Recovery from depression is a journey, one in which little by little you learn to trust yourself again. I am on that road building up speed and sometimes, on good days, enjoying the view.
Beautiful post. I’m sorry you’ve had to suffer this but I’m glad for you that there are good days and crazy dancing! I’ve also been suffering with depression in varying degrees over the last year and I have found reading other peoples experiences a huge source of strength. Only wish that such illnesses did not exsist! x
I agree, sorry you have been struggling too, thanks for your comment.
Stop making me cry
I’m glad your starting to feel better hunnie. I had no idea you were suffering from PND. I have never experienced this so really can’t comment but I will say stay strong, keep smiling, dance like no one is watching with the kids! And remember your a beautiful mum inside and out and your kids and husband adore you xxx
Isn’t it lovely when the good days start to really kick in 🙂
It is lovely , thanks.
Really glad to hear that your recovery is going well.Sounds like you had a wonderful weekend. The photo of your family is lovely. Great post. Honest and beautifully spoken words.

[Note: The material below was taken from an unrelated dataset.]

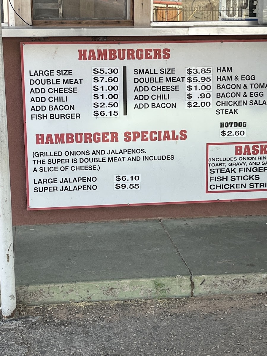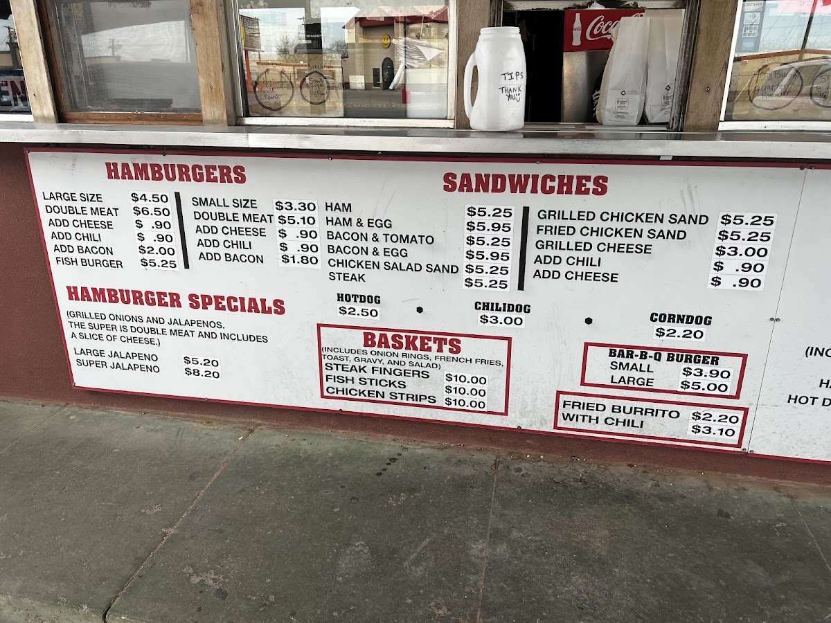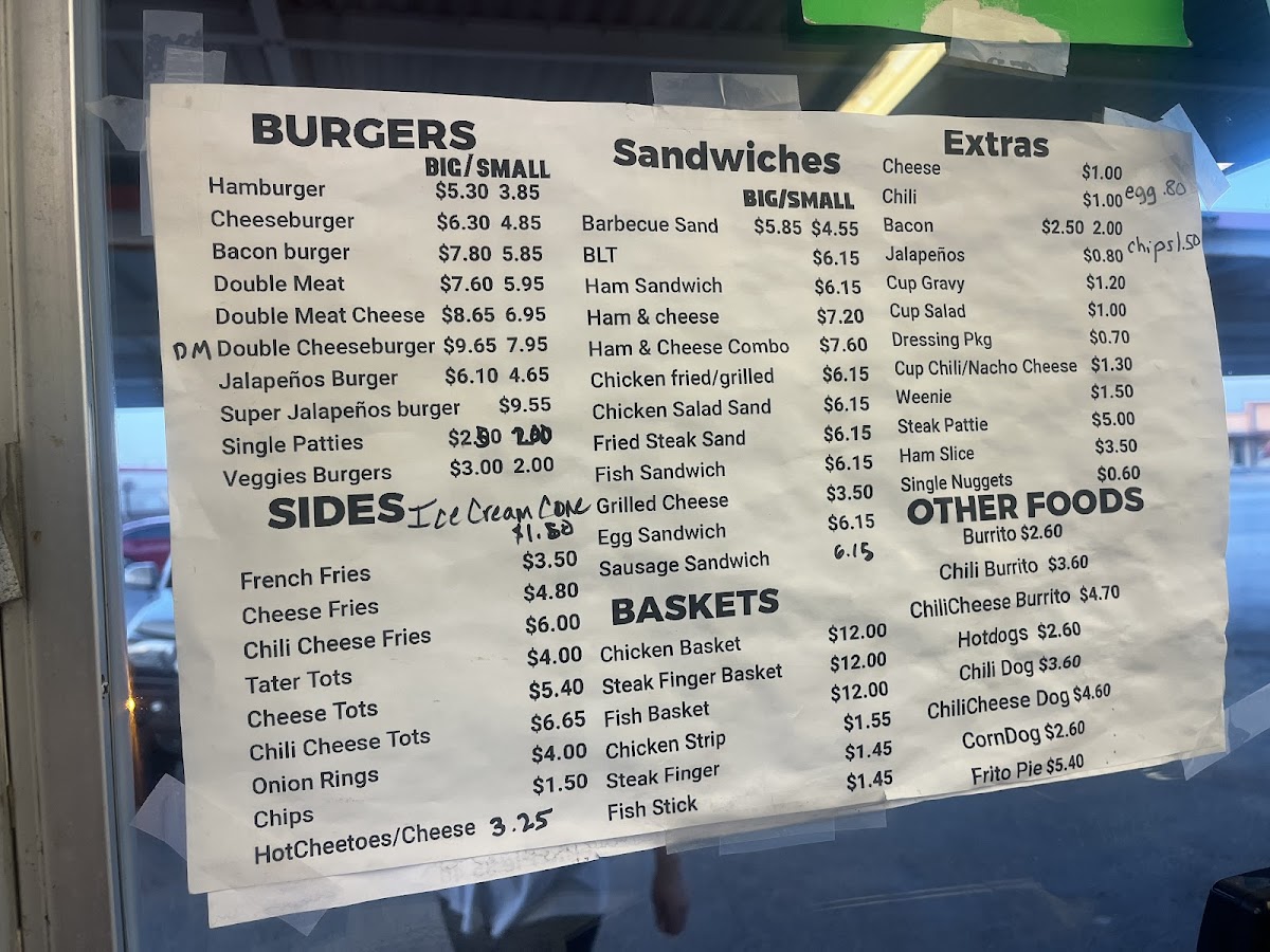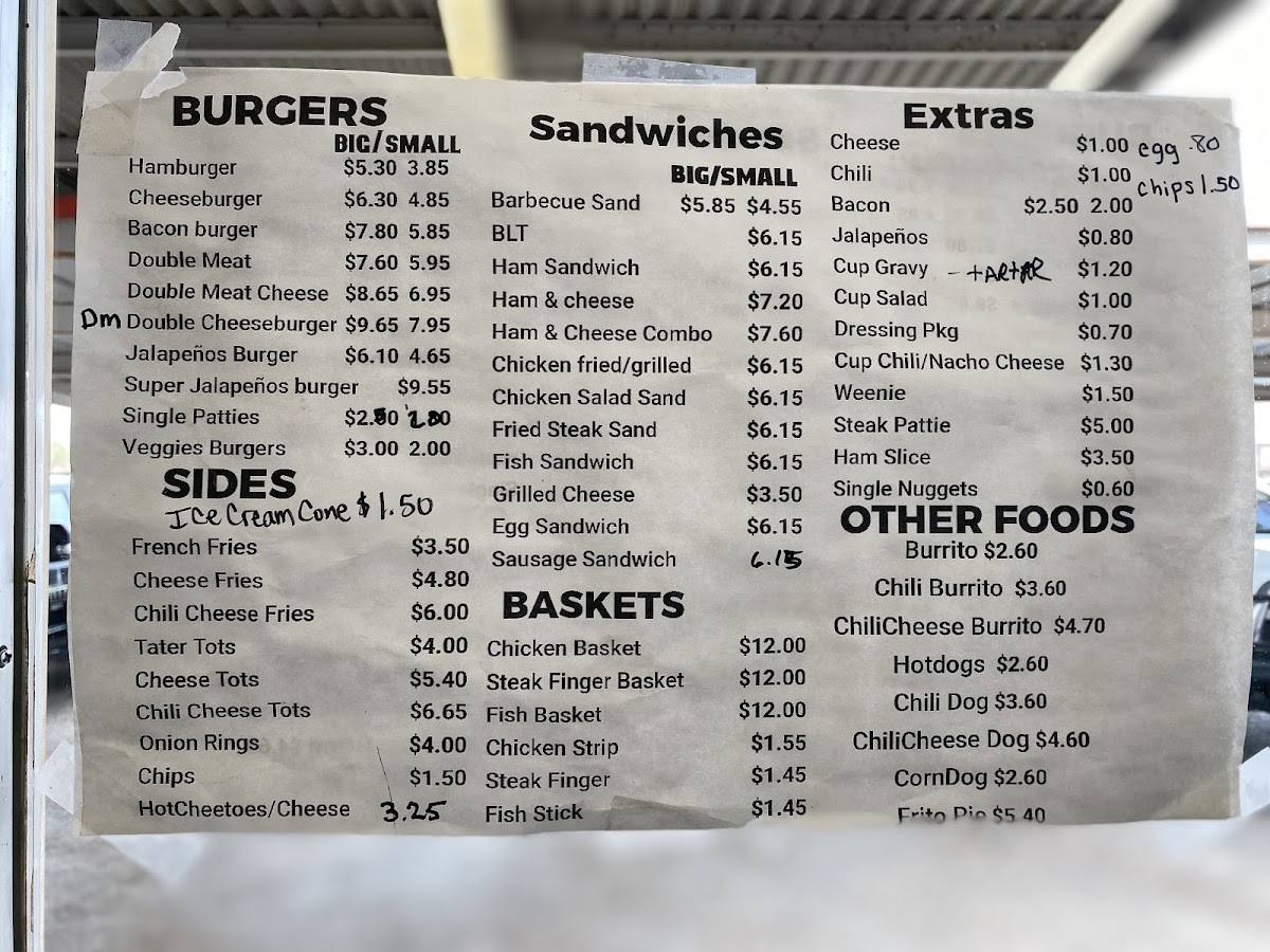 Other Foods: The menu includes various quick bites such as burritos, chili burritos, chili cheese burritos, hot dogs, chili dogs, chili cheese dogs, corn dogs, Frito pie, and mini burritos. These items offer a selection of traditional fast-food style snacks and meal additions.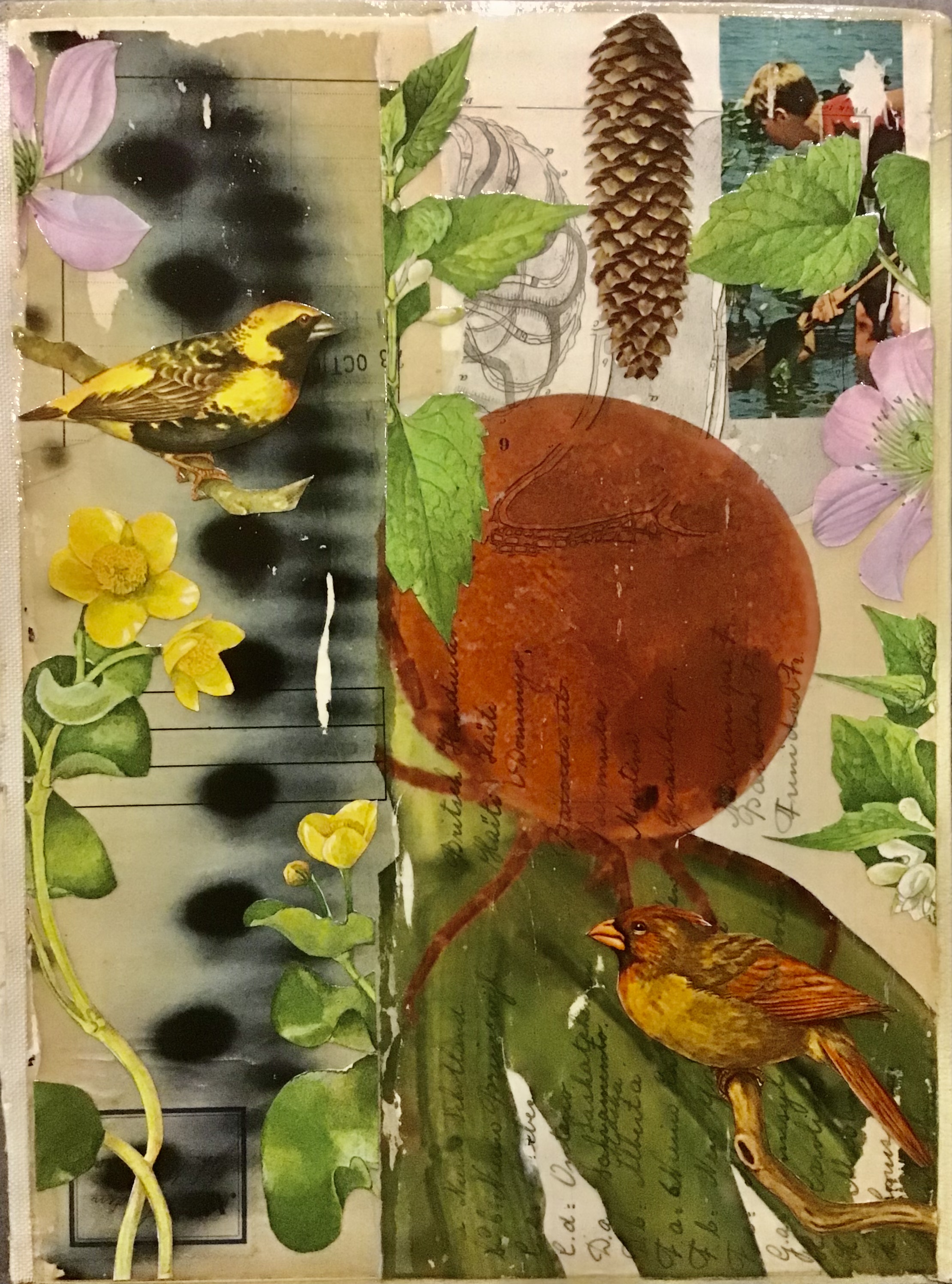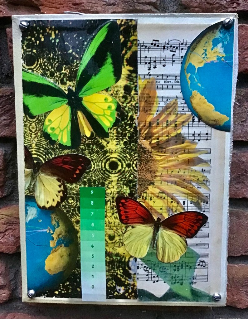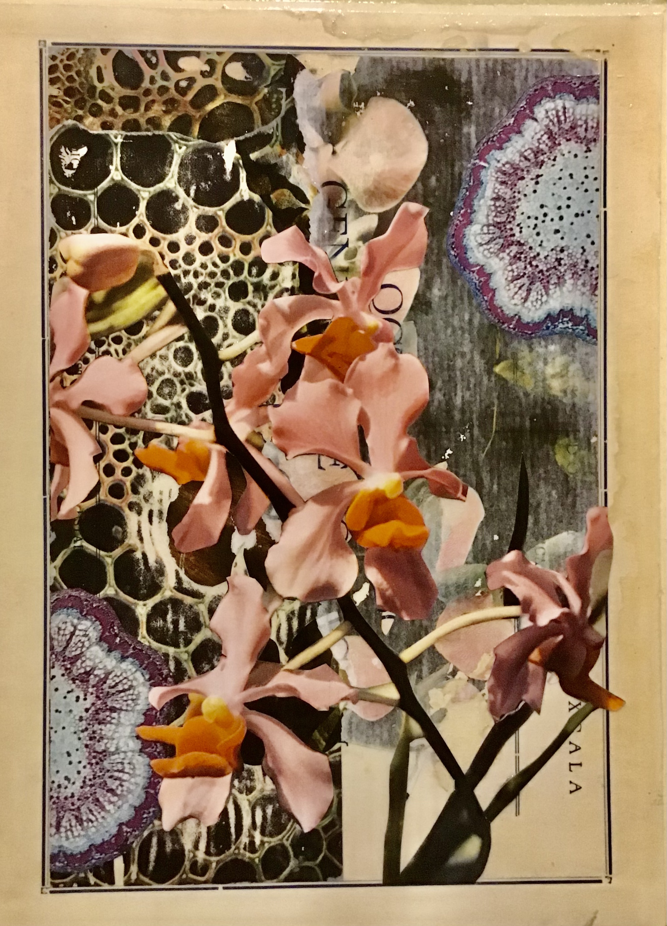 Started in 2022 with a series of mixed media. Pigment transfer mixed with analog collage. Made on vintage book covers of encyclopedia’s from the fifties. Screwed on wood. This work is made with different layers of transfers and collage work. 21x28cm.

Sorry to hear you’ve been suffering, a lovely honest post Ella, wishing more good days for you all xx
Every time you post about PND and your recovery I think how brave and strong you are. You write about your experiences beautifully, it’s hard not to cry either with sadness that you are having a bad patch or joy because you are doing better. I really hope that the good days keeping winning over the bad days for you. Have you seen http://www.time-to-change.org.uk/ ?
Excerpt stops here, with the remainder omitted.